Thursday, March 6, 2008

Isaiah, Chapter 45

Chapter 45 of Isaiah is quite interesting. It is here that the author mentions Cyrus the Great by name and outlines his deeds in regards to freeing the people of Israel from Babylon's control. What make it so interesting is that Cyrus the Great lived from either 590 of 576 B.C. to about 529 B.C. Isaiah was born in the 8th century B.C. and is believed to have died in 698 B.C. Since the Babylonian Exile ended in 537, B.C. we are presented with an interesting dilemma here. Obviously Isaiah could not personally witness an event that occurred 161 years after his own death. Still, this chapter is written almost like a historical account after the fact. This means either one of two things: either this part of the book of Isaiah was written by someone else, or it was written by Isaiah in a very specifically detailed prophetic vision. Both are clearly within God's power.

We do know that there was one prophet (Ezekiel) who wrote during the actual exile, but we have no indication that he had any input on this part of Isaiah's book. Ezra and Nehemiah also wrote their books around the time the Exile ended as well, but there is no indication they had input here. There are clearly two schools of thought in terms of the authorship of this second part of Isaiah's book, but because of the style of writing, I tend to believe this is a clearly prophetic vision revealed to Isaiah and written down. In that case, one can view it as a message of hope for those Israelites that were faithful to God during the time of the exile. They knew they were going to be delivered based on God's promises, so they had something to maintain their faith. It is clear that Isaiah wrote several prophecies about the life of Jesus in the first part of this book that we know were definitely written by him, so why wouldn't God clearly outline the role of Cyrus the Great?

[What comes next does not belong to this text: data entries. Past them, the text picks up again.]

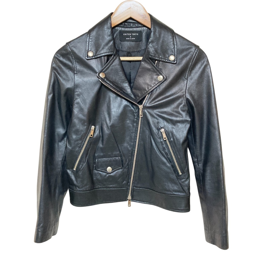 UNITED TOKYO ユナイテッドトウキョウ シープレザーダブルライダースジャケット 507152004 サイズ2 ブラック レディース 古着 中古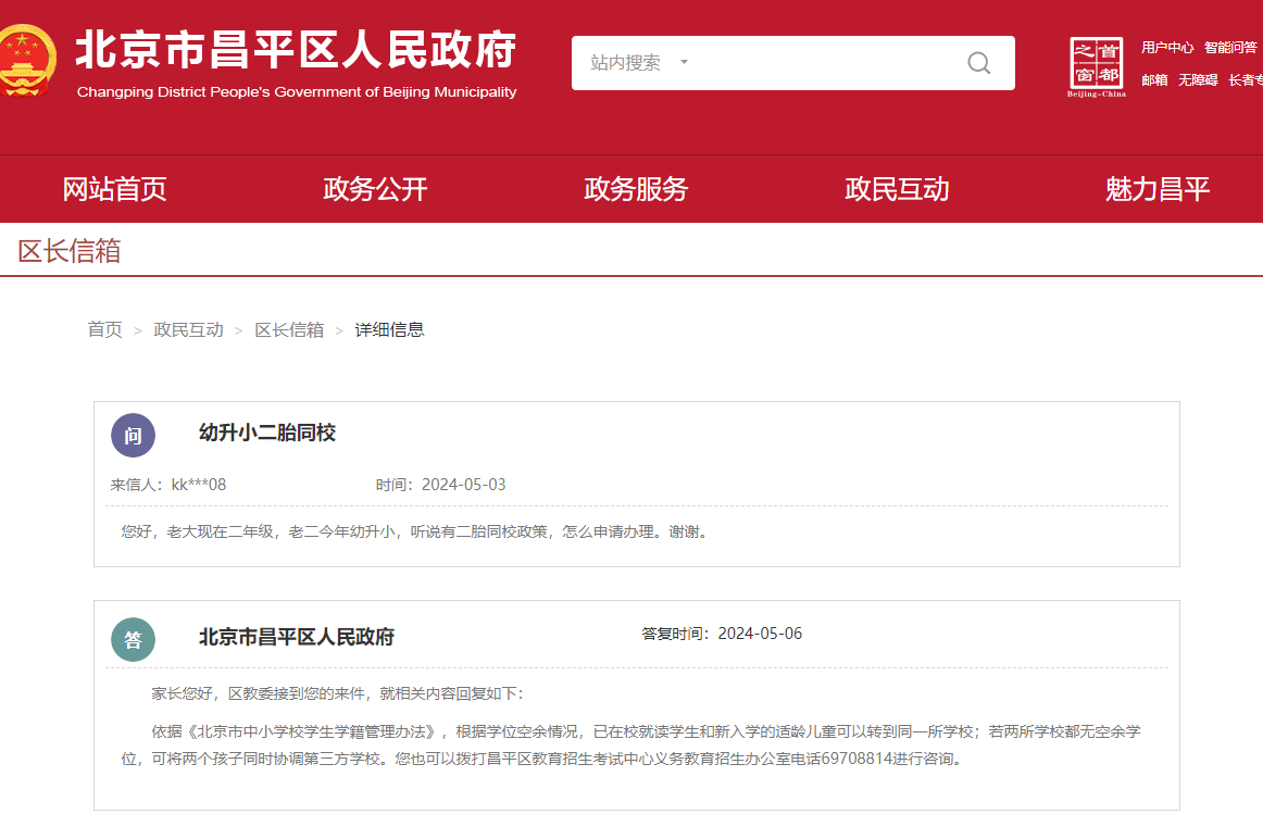 根据昌平区人民政府答复家长疑问,昌平区二孩同校申请方法为: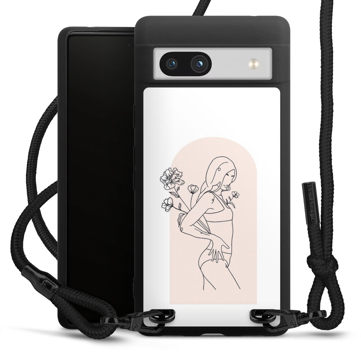 The matt black silicone case is made of flexible TPU (thermoplastic polyurethane) and offers robust protection. The durable, unbreakable material makes the cover flexible and dimensionally stable at the same time. The matte surface makes your design stand out more and is less susceptible to fingerprints and dirt. The stylish trend accessory fits comfortably in the hand and is perfectly complemented by the fabric (polyester) mobile phone strap. The braided fabric strap is approx. 1.70 metres long with a diameter of approx. 0.5 cm. Due to the special knotting technique, the length of the strap can be adjusted by simply pulling it, so that you can adapt it individually to your wishes. The practical case to wear around your neck is available with the fabric strap in black. As a little icing on the cake, we have provided the strap with a chic metal fastener in matt black. The strap is securely fastened to the case with loops made of high-quality genuine leather and press studs. The ends of the fabric strap are covered with metallic end caps and thus protected from fraying.

1 "This is what the LORD says to his anointed,
       to Cyrus, whose right hand I take hold of
       to subdue nations before him
       and to strip kings of their armor,
       to open doors before him
       so that gates will not be shut:

 2 I will go before you
       and will level the mountains;
       I will break down gates of bronze
       and cut through bars of iron.

 3 I will give you the treasures of darkness,
       riches stored in secret places,
       so that you may know that I am the LORD,
       the God of Israel, who summons you by name.

 4 For the sake of Jacob my servant,
       of Israel my chosen,
       I summon you by name
       and bestow on you a title of honor,
       though you do not acknowledge me.

 5 I am the LORD, and there is no other;
       apart from me there is no God.
       I will strengthen you,
       though you have not acknowledged me, -- Isaiah 45:1-5

To me, this sounds more like prophetic writing that sets up the reign of Cyrus the Great before he even came to power. Though Cyrus did not follow God per se, he was still anointed by God for the purpose of freeing the exiles from Babylon. We know that when he conquered Babylon he also released the treasure of Israel back to the Israelites. When the Babylonians originally conquered Jerusalem, they also looted and destroyed the temple. In a magnanimous gesture, Cyrus chose not to horde these treasures for himself and the large empire he had built. He released them to the Israelites and allowed them to return home and rebuild the temple.

There is also an important lesson here in the area of works. Clearly Cyrus the Great accomplished great works by releasing the captives, allowing them to go home, and returning their treasures. Still, these works were not enough for his personal salvation. Verse four states this, as God and Israel honored him for his works though Cyrus did not acknowledge God. In this, we learn that it is important to do good works, but it is more important still to acknowledge that Jesus is the only way to salvation since he intervenes with God on our behalf.


  1. How is this still a message of hope today?
  2. How does this allow us to overcome doubt in our own lives?
  3. What signs do you see throughout this chapter that make it a a prophetic vision rather than a historical account?